As before, this is a more significant change than our minimally invasive refactor, but it gives us similar benefits: no code outside these classes would need to change, and we can still inject our stubbed ItemDAO for testing purposes. This could also be a cleaner approach if our subject class calls many static functions, since we do not need to create wrapper functions for each call.

However, it does result in some odd-looking code. The convenience initialiser in the TaxedItemPricer is sensible enough, but the instance function of the ItemDAO now calls the corresponding class function. It would be confusing to other people who come across this code, so it might be considerate to leave a comment explaining that this is intended as a transition away from a static approach.

Conclusion

We’ve tackled the problem of testing code that calls out to static functions in four ways. Each has advantages and drawbacks and ultimately the decision of which technique to apply will come down to the code base we’re working in.
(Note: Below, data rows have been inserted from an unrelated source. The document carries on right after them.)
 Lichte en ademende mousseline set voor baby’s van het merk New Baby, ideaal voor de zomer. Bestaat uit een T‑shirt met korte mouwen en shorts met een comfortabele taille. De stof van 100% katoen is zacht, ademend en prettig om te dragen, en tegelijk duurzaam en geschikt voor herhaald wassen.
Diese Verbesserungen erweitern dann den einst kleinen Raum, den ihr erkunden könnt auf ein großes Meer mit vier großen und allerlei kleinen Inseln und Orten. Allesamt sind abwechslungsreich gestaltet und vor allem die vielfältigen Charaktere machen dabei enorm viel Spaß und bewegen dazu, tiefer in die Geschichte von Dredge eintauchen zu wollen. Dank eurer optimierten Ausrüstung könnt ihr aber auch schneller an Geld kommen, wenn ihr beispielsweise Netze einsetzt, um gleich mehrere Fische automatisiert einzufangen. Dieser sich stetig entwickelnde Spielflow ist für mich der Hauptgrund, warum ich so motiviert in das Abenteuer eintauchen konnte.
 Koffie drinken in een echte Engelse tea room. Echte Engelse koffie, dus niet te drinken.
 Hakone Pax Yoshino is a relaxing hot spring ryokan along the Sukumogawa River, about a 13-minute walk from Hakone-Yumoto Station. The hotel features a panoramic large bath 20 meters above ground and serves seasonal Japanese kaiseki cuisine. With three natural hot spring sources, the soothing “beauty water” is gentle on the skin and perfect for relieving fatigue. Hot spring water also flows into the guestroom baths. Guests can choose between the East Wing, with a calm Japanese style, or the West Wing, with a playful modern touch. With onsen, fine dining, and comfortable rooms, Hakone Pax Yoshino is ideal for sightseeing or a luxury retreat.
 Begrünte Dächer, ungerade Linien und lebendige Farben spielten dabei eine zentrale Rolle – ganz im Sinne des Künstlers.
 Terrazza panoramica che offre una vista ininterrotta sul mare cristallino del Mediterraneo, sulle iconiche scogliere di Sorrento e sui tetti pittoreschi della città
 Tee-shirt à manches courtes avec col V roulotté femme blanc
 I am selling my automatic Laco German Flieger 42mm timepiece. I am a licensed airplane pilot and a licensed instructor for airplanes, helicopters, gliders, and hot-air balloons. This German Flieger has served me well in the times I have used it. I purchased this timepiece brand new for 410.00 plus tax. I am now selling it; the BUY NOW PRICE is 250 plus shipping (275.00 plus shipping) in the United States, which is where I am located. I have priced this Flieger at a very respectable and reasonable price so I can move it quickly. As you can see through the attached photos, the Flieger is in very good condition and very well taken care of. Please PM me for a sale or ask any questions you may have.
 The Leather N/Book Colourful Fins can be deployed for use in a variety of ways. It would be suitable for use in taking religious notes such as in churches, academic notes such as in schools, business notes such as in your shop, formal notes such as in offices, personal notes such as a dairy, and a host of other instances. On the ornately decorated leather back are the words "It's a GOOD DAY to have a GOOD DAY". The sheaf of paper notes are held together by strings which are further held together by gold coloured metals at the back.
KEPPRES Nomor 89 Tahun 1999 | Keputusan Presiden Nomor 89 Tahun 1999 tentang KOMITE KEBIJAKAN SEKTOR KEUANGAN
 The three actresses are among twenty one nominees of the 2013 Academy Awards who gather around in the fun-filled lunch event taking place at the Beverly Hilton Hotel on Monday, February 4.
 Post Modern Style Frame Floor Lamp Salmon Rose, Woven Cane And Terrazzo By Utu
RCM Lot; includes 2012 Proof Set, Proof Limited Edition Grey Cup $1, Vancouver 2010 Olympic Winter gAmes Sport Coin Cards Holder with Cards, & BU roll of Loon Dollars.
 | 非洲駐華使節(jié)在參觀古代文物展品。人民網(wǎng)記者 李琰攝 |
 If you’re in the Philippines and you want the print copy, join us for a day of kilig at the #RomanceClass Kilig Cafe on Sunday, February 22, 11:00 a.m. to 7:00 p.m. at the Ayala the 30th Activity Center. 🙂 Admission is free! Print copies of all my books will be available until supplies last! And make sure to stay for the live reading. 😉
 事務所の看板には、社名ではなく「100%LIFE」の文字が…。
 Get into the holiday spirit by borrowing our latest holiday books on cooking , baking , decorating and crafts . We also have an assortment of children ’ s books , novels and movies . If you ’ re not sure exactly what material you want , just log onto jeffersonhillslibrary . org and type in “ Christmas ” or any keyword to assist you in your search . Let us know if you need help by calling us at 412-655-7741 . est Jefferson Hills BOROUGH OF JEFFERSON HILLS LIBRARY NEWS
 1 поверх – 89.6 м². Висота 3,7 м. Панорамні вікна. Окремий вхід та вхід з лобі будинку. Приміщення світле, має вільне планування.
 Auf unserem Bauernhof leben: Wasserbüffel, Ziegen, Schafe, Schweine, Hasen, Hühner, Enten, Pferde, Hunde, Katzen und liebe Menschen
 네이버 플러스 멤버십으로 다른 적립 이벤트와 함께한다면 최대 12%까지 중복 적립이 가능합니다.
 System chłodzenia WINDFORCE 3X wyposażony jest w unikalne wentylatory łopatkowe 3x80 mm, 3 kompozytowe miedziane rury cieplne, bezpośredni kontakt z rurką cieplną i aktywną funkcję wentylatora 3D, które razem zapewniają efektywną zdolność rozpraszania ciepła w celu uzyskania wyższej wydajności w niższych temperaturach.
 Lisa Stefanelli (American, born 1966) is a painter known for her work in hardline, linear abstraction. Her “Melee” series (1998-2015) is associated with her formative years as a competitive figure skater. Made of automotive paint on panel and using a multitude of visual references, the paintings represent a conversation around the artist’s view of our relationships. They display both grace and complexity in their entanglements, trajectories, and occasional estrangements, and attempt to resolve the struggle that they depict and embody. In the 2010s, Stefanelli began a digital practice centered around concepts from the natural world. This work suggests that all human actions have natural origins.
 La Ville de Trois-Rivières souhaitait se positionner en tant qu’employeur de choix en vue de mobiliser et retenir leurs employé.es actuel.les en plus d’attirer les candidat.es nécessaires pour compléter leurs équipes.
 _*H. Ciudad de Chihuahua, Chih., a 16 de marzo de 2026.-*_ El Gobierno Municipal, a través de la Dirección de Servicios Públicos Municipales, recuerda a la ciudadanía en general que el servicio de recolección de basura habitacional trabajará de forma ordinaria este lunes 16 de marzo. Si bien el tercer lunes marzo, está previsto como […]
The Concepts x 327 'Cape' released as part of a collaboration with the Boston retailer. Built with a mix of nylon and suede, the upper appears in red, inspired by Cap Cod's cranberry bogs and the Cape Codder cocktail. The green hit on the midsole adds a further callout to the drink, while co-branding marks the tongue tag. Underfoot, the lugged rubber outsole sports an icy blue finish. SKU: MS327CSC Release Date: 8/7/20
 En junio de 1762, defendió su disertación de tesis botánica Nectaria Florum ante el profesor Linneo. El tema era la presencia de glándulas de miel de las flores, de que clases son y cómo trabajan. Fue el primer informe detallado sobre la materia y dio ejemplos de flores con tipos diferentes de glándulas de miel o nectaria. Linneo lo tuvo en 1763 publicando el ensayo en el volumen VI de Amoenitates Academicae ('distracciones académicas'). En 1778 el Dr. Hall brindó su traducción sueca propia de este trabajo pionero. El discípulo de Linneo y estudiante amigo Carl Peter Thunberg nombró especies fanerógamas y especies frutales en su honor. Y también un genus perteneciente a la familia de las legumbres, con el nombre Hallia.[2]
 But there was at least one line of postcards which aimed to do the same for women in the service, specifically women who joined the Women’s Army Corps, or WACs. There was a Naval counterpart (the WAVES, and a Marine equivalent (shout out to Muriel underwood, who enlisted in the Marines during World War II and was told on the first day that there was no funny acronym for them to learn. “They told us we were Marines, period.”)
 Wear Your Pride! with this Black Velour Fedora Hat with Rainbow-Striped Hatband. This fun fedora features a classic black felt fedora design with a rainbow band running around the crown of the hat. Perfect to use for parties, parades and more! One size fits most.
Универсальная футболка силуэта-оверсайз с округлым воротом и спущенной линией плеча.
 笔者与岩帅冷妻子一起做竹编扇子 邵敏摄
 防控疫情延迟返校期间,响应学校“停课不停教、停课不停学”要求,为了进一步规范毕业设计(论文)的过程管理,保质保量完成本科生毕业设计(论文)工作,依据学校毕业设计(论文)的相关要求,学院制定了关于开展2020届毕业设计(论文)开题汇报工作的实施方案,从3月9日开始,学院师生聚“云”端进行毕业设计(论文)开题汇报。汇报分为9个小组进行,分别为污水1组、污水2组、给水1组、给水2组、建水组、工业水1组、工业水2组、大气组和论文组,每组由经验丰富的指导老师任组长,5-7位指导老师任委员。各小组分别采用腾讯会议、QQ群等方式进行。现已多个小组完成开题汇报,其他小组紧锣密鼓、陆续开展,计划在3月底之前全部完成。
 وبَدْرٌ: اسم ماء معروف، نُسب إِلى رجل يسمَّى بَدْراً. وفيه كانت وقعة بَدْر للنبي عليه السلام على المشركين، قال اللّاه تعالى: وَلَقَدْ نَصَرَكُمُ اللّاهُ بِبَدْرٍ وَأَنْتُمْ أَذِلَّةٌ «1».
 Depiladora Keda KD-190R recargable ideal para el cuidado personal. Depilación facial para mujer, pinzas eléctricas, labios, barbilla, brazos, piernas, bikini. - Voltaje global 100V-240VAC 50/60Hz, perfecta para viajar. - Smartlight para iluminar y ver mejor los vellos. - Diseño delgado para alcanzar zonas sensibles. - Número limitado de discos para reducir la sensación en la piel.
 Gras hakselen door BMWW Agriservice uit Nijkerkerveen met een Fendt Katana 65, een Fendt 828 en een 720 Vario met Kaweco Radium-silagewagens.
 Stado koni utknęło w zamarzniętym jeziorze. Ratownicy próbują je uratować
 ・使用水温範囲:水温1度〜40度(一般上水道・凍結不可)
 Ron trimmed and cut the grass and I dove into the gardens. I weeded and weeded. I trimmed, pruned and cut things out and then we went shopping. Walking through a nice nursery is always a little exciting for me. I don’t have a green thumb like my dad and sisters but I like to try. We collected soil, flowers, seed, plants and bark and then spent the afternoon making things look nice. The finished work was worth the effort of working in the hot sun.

If we can easily refactor for dependency injection, that should probably be considered first. If, however, the code base is large, complex or mostly untested, we might prefer to err on the side of caution and perform a minimally invasive refactor. Once more of the code base is covered with tests, we can then be more confident about moving to a full dependency injection approach. ✍

  1. In his excellent book, Working Effectively with Legacy Code, Michael Feathers defines legacy code as code without tests. Even though Swift is a pretty new language, you can bet there’s heaps of legacy code being written with it right now!